Date: Thursday, January 25, 2018 Time: 9:00am - 12:00pm Location: Young Research Library, West Classroom Categories: R (programming language) Calendar: http://calendar.library.ucla.edu/event/3835760

This hands-on workshop will cover basic concepts and tools related to using R in the context of data analysis. Participants will be encouraged to help one another and to apply what they have learned to their own research problems. We’ll cover:

  • A basic introduction to R and RStudio
  • Visualizing your data with ggplot2, the most popular graphing package in R
  • Tidying and transforming data for analysis

You’ll come out of the course with a good foundation on the most important tools in R for working and communicating with data. This course is taught via the tidyverse - a higher level set of packages in R that intends to make it eaier to work with data. You will need to pick up some of the lower level details on R programming as you learn R. See the information below to continue your R education.


Class Materials

Basic programming concepts

  • Use the datacamp tutorials for an intro to basic programming concepts in R.

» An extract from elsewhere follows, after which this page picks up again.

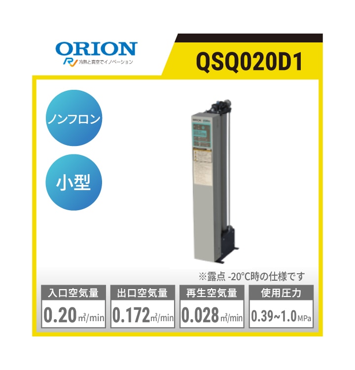 QSQ020D1 オリオン機械 ヒートレス(吸着式)エアードライヤー | スタンダードタイプ QSQ小型 露点:-20℃ 入口空気量:0.20㎥/min 出口空気量:0.172㎥/min 電源(50/60Hz):単相100~230

  • From the Introduction to R course complete the following chapters. As you work through the chapters, carefully note the important terms and what they are used for. We recommend you do so in a notebook that you can easily refer back to.

    • Chapter 1 Intro to basics:
      • Console pane: where you enter in commands
      • Objects: where values are saved, how to assign values to objects.
      • Data types: integers, doubles/numerics, logicals, characters.
    • Chapter 2 Vectors:
      • Vectors: a series of values.
    • Chapter 4 Factors:
      • Categorical data (as opposed to numerical data) are represented in R as factors.
    • Chapter 5 Data frames:
      • Data frames are analogous to rectangular spreadsheets: they are representations of datasets in R where the rows correspond observations and the columns correspond to variables that describe the observations. We will revisit this later in Section \@ref(nycflights13).
  • From the Intermediate R course complete the following chapters:

    • Chapter 1 Conditionals and Control Flow:
      • Testing for equality in R using == (and not = which is typically used for assignment). Ex: 2 + 1 == 3 compares 2 + 1 to 3 and is correct R syntax, while 2 + 1 = 3 is not and is incorrect R syntax.
      • Boolean algebra: TRUE/FALSE statements and mathematical operators such as < (less than), <= (less than or equal), and != (not equal to).
      • Logical operators: & representing “and”, | representing “or”. Ex: (2 + 1 == 3) & (2 + 1 == 4) returns FALSE while (2 + 1 == 3) | (2 + 1 == 4) returns TRUE.
    • Chapter 3 Functions:
      • Concept of functions: they take in inputs (called arguments) and return outputs.
      • You either manually specify a function’s arguments or use the function’s defaults.

Tips on learning to code

  • Learning to code/program is very much like learning a foreign language
  • It can be very daunting and frustrating at first.
  • Put in the effort and are not afraid to make mistakes, anybody can learn.